-
-
Notifications
You must be signed in to change notification settings - Fork 34.5k
Description
- Version: v9.0.0, v8.9.0
- Platform: Windows (but really, all of them)
- Subsystem: streams
Problem
My use case is the following:
I want to send a file over the network but at the same time calculate a local checksum (like a sha-1 hash) for later use.
I tried the following (abbreviated and pseudo):
const fileStream = fs.createReadStream(path, {encoding: null});
const checksum = crypto.createHash("sha1");
const network = createSomeSlowSlowNetworkStream();
fileStream.pipe(checksum);
fileStream.pipe(network);
const res = await network.response();
checksum.end();
if (res.checksum !== checksum.read().toString("hex")) {
throw new Error("dis is bad");
}And it works... Except that pipe'ing to checksum - which can consume a lot faster than a networked stream - will cause the file stream to emit data at that high rate, but since the networked stream is a lot slower, the file stream will buffer all data for it.
In the end (almost) the entire file is buffered in memory this way, which is kinda bad especially if that file is a multi gigabyte file like in my tests.

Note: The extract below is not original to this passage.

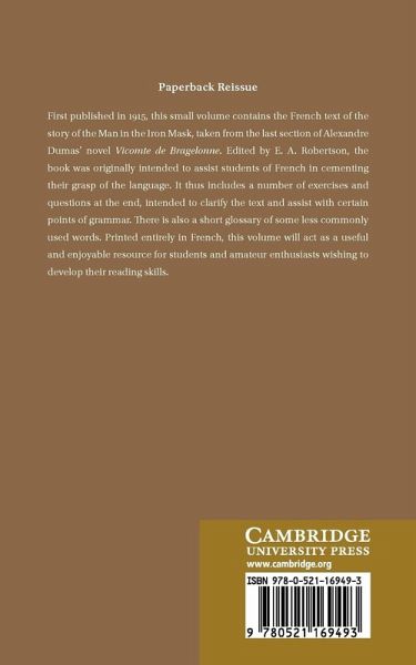 First published in 1915, this small volume contains the French text of the story of the Man in the Iron Mask, taken from the last section of Alexandre Dumas' novel Vicomte de Bragelonne. Edited by E. A. Robertson, the book was originally intended to assist students of French in cementing their grasp of the language. It thus includes a number of exercises and questions at the end, intended to clarify the text and assist with certain points of grammar. There is also a short glossary of some less commonly used words. Printed entirely in French, this volume will act as a useful and enjoyable resource for students and amateur enthusiasts wishing to develop their reading skills.

Inspecting the node process showed thousands of 16KB (default highWatermark) buffers in memory totaling 5GB (essentially the file size of the file stream) waiting to be consumed by the network stream.
Remedies
When a read stream has multiple pipes, it should emit data at the rate of the slowest attached stream, not at the rate of the fastest stream.
Workaround
Well, I cheated and implemented a custom Transform that will checksum.write in .transform. That way, only the backpressure of the network stream is taken into account by the file stream emitting data.